Love. The Fox (Magnetic Press)
Written by Frederic Brrémaud
Illustrated by Federico Bertolucci
From time to time I find myself staring at my double screens in my basement office, wondering why I’m not lying in the grass on an island paradise and watching the fauna go about their daily business. Then I opened the pages of Love. The Fox and I was there! This book is reminiscent of all the beautiful, animal stories that I read as a child (The Jungle Book, Cinnabar the One O’clock Fox, and Redwall all come to mind). From the first pages, I was enchanted.
The protagonist of this book, an unnamed fox, is clearly no stranger to a dangerous world. One eye is milky white and a scar slices through the lid above and below. The fox goes about daily tasks–mostly consisting of capturing food. The panels follow the fox, occasionally bumping into other, larger predators, and following them for a few panels. The art reminds me of David Peterson’s Mouseguard books, but is a little cleaner. For such simple, pretty artwork, Bertolucci captures the shapes of animals in motion realistically, and in a way that pulls the reader in. The curve of the fox’s spine as she leaps after a mouse; the twisting of torso and tail as an orca races after a seal; these are not easy actions to capture on camera, much less in a drawing.
After only a couple of pages of idyllic landscapes and beautiful forest creatures, the island erupts in lava and ash.

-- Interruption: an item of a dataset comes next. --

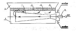 Рис. 1. Схема "светлого" газового инфракрасного излучателя (ГИИ-С): 1 - инжектор; 2 - рассекатель; 3 - керамические плитки; 4 - металлическая сетка-экран; 5 - рефлектор, 6 - газовое сопло; 7 - распределительная камера

Every living thing runs as fast and as far as it can. The book follows multiple creatures in their dashes for safety, and (in some cases) their encounters with other fleeing animals. I found myself frustrated that not all of the animals seemed to be running as far away from the opening rivers of lava as they should. This was perhaps the detail that stood out to me as the most realistic. In moments of natural disaster, even for humans with reasoning power, the noise, heat, and danger can be very confusing; this is even more true for animals, and unfortunately not all the animals in this book survive.
This book is absolutely gorgeous. The animals are driven by instinct and purpose, but are not at all anthropomorphized. The world they live in is violent, and that violence was not sugar coated in any way, but at the same time, that violence is not shown gratuitously. The more devastating animal encounters may go over the heads of very young children, but will be presented to older children as the true nature of Nature. The Magnetic hardcover edition is of course of the highest quality, and worthy of a prominent place on any collector’s shelf, and within easy reach of children. My one qualm is that there is absolutely no narration whatsoever, and I think some nuances of the story may be lost on the casual reader.